Ouest France 19/01/2024
La Tête dans le sable (LTDS) a préféré se laisser plusieurs jours pour réagir à l’annonce de l’abandon du projet d’extension de la sablière Lafarge, à Saint-Colomban. Aussi, après que le conseil d’administration s’est réuni mercredi soir 17 janvier, Jacki Herbet, l’un des quatorze coprésidents de l’association, livre l’analyse de la situation des militants.
L’annonce de l’abandon du projet Lafarge divulguée à l’occasion des vœux du maire de Saint-Colomban, Patrick Bertin, a été comme pour beaucoup une surprise pour les membres associatifs. Cependant, « c’est une victoire extrêmement nuancée, confie Jacki Herbet. Bien sûr, c’est une avancée, mais il y a toujours une carrière en lice. » D’autre part, il livre les inquiétudes de l’association quant à l’avenir des terres jusque-là convoitées par le carrier et sur lesquelles des négociations et des compromis de vente ont déjà été engagés. Elle craint que « si ce ne sont pas les carrières, ce soient les maraîchers », qui seront tentés de les racheter.
LTDS reste donc très vigilante et les membres semblent déterminés pour dépenser une grande partie de leur énergie pour ces « belles terres ». Aussi, pas de répit pour LTDS, car face à cette nouvelle menace du « maraîchage industriel » contre laquelle elle se bat également, cette dernière se mobilisera sûrement pour « tout faire pour que ces terres soient de nouveau sacralisées ». Jacki Herbet reste toutefois discret sur les futures actions et sur les motivations à court terme de l’association. Cependant, l’idée de faire pression sur les élus du Pôle d’équilibre territorial et rural du pays de Retz, pour qu’ils reviennent sur leur décision qui avait mis fin à la protection de ces espaces agricoles pérennes, ne semble pas exclue. Mais dans un premier temps, les parcelles ne faisant plus l’objet d’une future extraction de sable, la municipalité devra revoir encore son Plan local de l’urbanisme pour que le projet GSM puisse être porté à enquête publique.
Quand aux « motivations publiques » de la société Lafarge qui avance des raisons économiques pour justifier son retrait, elles ne convainquent pas La Tête dans le sable. En juin 2023, l’autorité environnementale a émis de fortes réserves sur les projets des carriers et leur a demandé de produire une étude d’impact commune, ce que la société Lafarge n’aurait, a priori, pas souhaité. Alors, « l’argument sur des conditions environnementales trop exigeantes conviendrait mieux à notre logique », glisse Jacki Herbet, qui espère bien que le travail de l’association a eu sa part de responsabilité dans cette affaire. La préfecture a aussi pu penser que les arguments de LTDS étaient défendables et que la pression d’une partie la population était suffisamment importante, sont tentés de croire les défenseurs de la nature.

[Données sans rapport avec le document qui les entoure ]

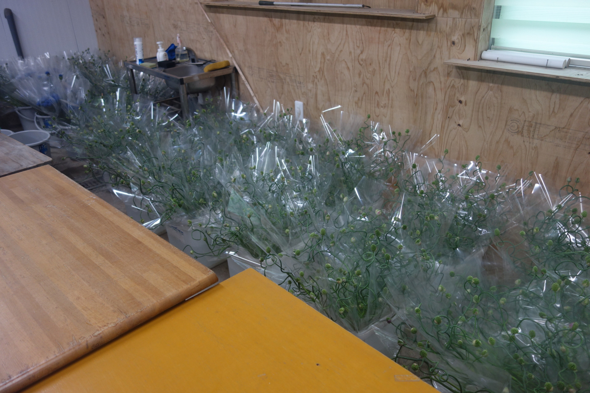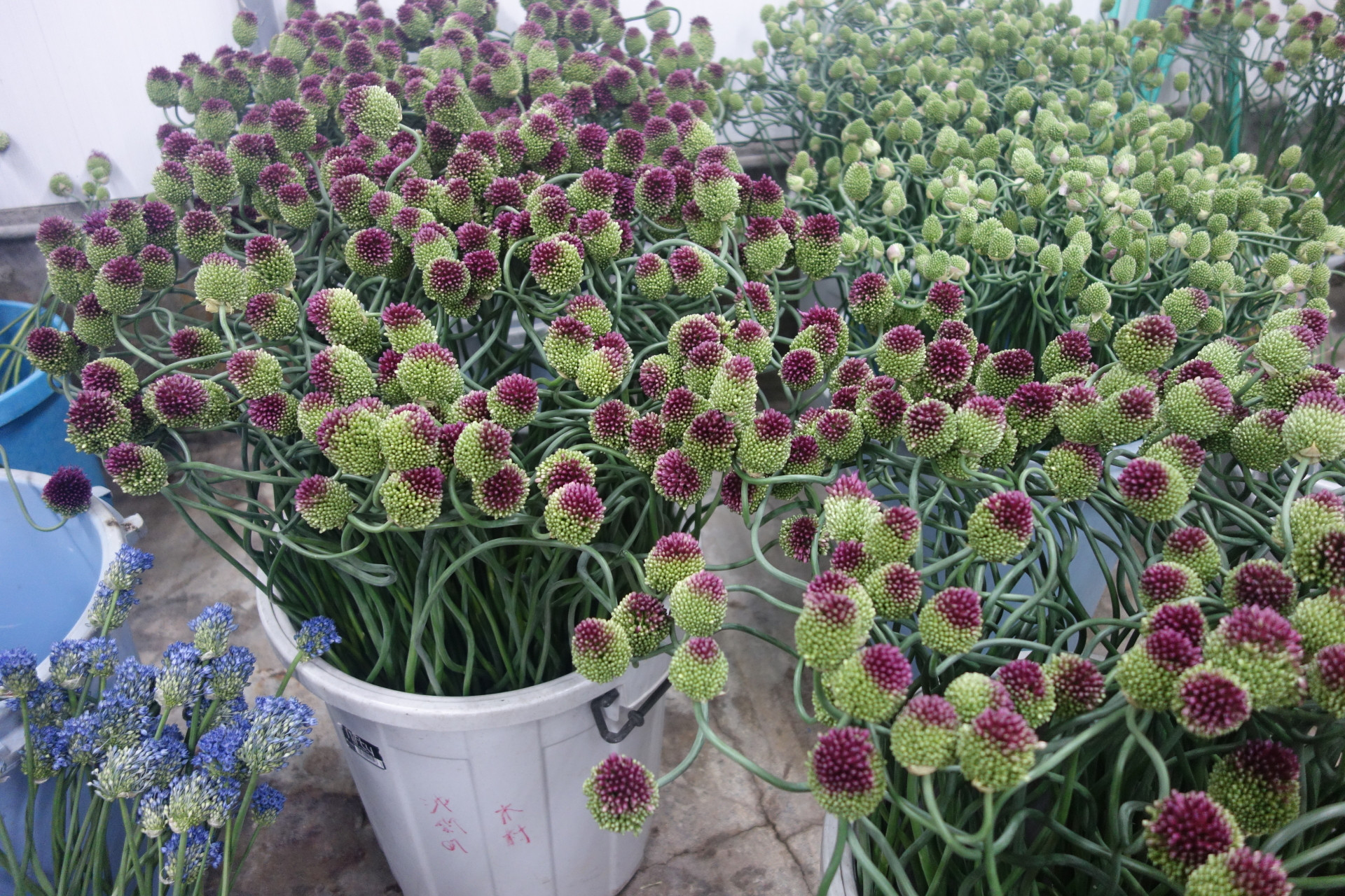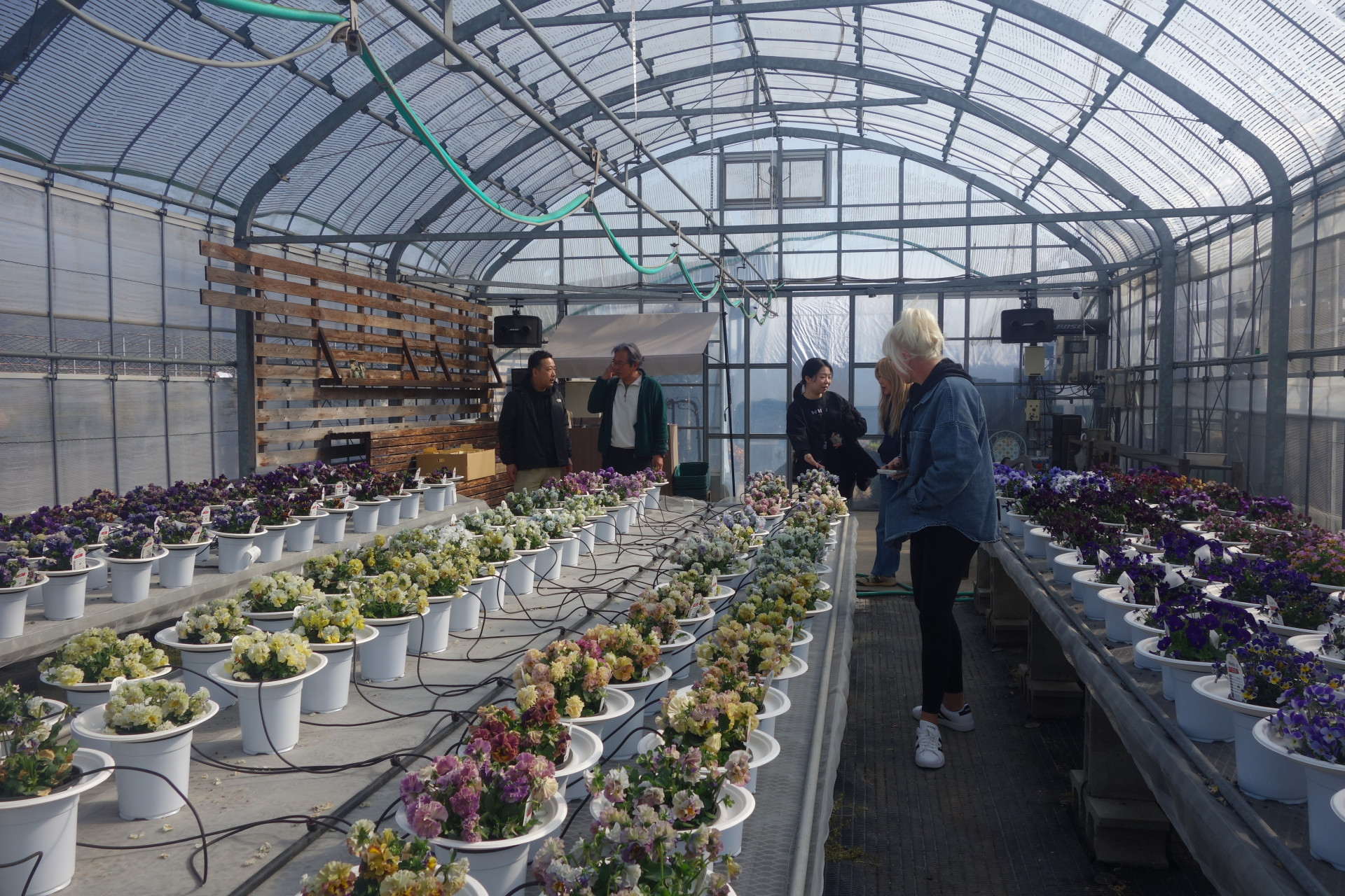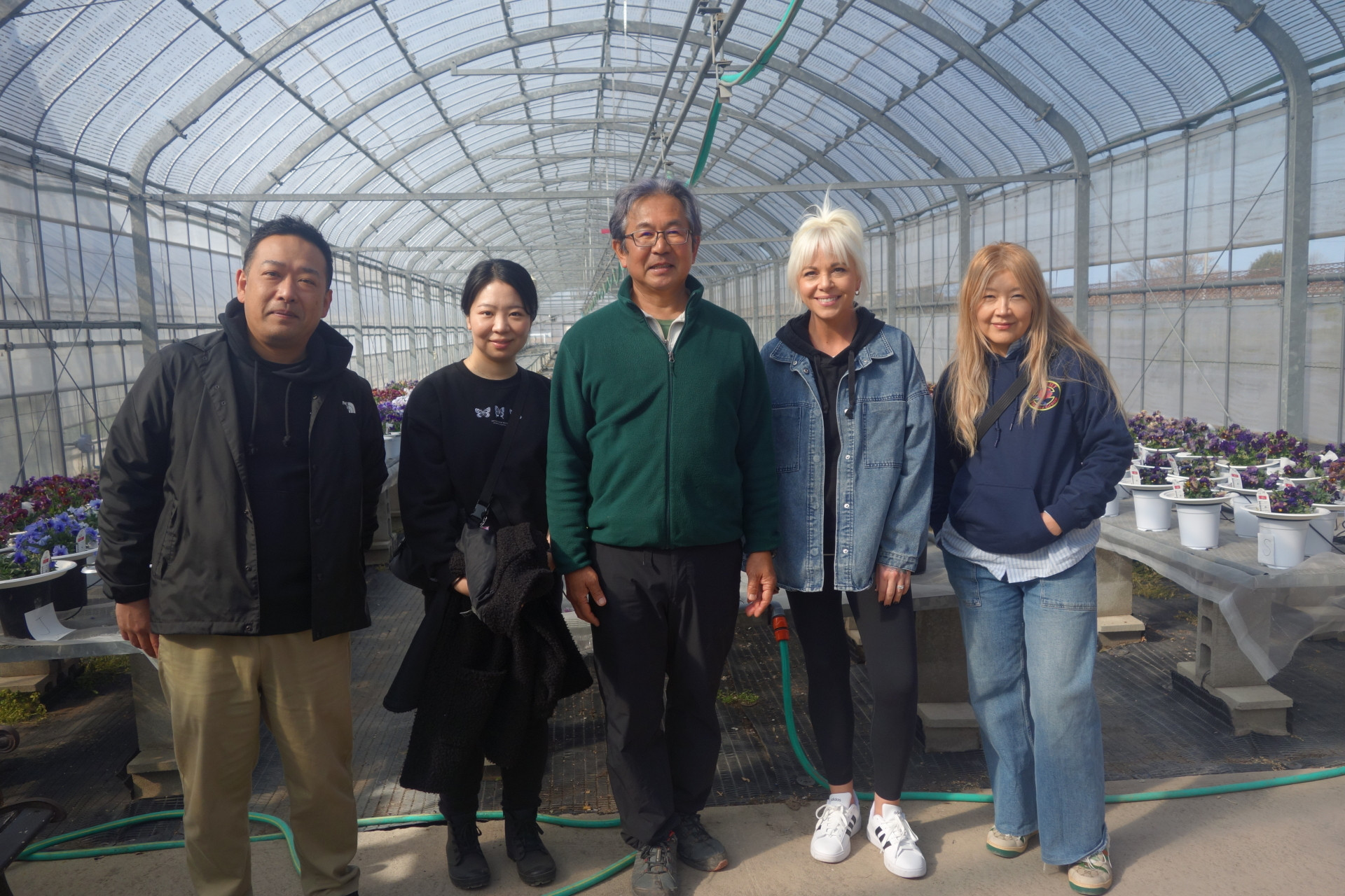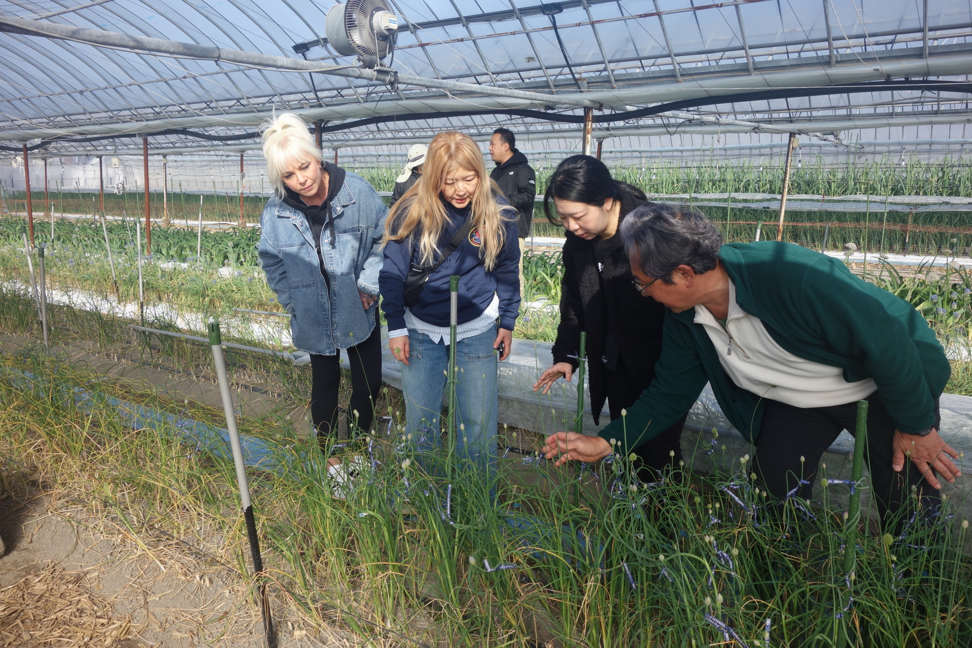 販売も長期にわたって低迷し、3月の需要期に一瞬良くなったかと思えば、また低迷。市場のバイイングパワーが確実に落ちてきております。多分農業界でもこの品目はダメだからこれに切り替える。もっと大胆に花から野菜と作物転換する人も出てくるでしょう。でも結論から言うと、移っても同じ今の品目で腰を据えて頑張るしかないと言いたい。「隣の芝は青く見える」のことわざの如く。ここでも競争している。移った先でももちろん競争がある。畑を変えればまた一から始めないといけない。写真はアメリカからのお客様。大阪のなにわ花市場さんが案内してくれました。花を手掛けて約30年穂になりますが、15年ほど前に国が後押しする形で、外国への輸出拡大の事業があり、当園のアリュームを持ち込んで提案して頂いたのが始まりです。そこからグロリオサやスイートピー等と一緒に行っていました。そして月日は流れ、今回の来園に繋がったわけです。アリュームを曲げるというのが当園の売りではあるのですが、途中「何やっているんだろう」「こんなことして無駄じゃないの」と何度思ったか分かりません。でも続けました。それはまだ自分の中に熱が残っていたからです。そのうち誰かが分かってくれるだろうと。その答えが、後にしか来ないという事も。可能性があるならばそれを磨いて、チャンスを待つ。しぶとく待つ。エリザベスさん有難うございました。私の中ではテイラー・スイフト以上に眩しくもありました。確実に言えることは、『お金を追うな、自分を確立し夢を追え』それがこの30年の答えの様な気がします。一生をかけて自分のブランディングをしていかないといけません。

Quoi qu’il en soit, « la position de LTDS est renforcée par cette décision ».
« Une victoire à point nommé »
De leur côté, les Soulèvements de la Terre (SDLT), qui accompagnent depuis plusieurs années l’association de La Tête dans le sable dans son combat contre l’extension des sablières et du maraîchage industriel à Saint-Colomban, réagissent à l’abandon du projet de la carrière Lafarge par voie de communiqué de presse, daté du 16 janvier. Ils parlent d’une « victoire à point nommé », car cette annonce « arrive six ans, quasi jour pour jour, après l’abandon dans le même département du projet d’aéroport de Notre-Dame-des-Landes et trois ans après celui d’un projet de méga entrepôt logistique Amazon à Montbert, à quelques kilomètres de Saint-Colomban ». Ils soulignent aussi un autre hasard de calendrier, puisque la cour de cassation vient de confirmer la mise en examen de Lafarge pour complicité de crime contre l’humanité pour ses activités en Syrie jusqu’en 2014. Cette semaine a aussi été marquée par le jugement rendu par la cour de cassation de Niort, à l’encontre des militants anti-bassines dont certains membres du mouvement des SDLT faisaient partis et qui s’est soldé par plusieurs emprisonnements avec sursis. Même si cela traduit, selon LSDT, « l’acharnement du gouvernement à réprimer physiquement et judiciairement les mouvements pour la défense des terres et de l’eau », cet abandon semble les conforter dans l’idée que certains combats peuvent aboutir à « des victoires ». Toutefois, dans la mesure où le projet d’extension de la carrière GSM est toujours d’actualité et qu’il fera l’objet d’une enquête publique dans les mois à venir, entre juin et octobre, selon le maire, Patrick Bertin, les militants pour l’environnement disent maintenir leur vigilance à Saint-Colomban. Ils rappellent aussi que d’autres projets de carrières sont toujours contestés dans le département, comme à Tahun.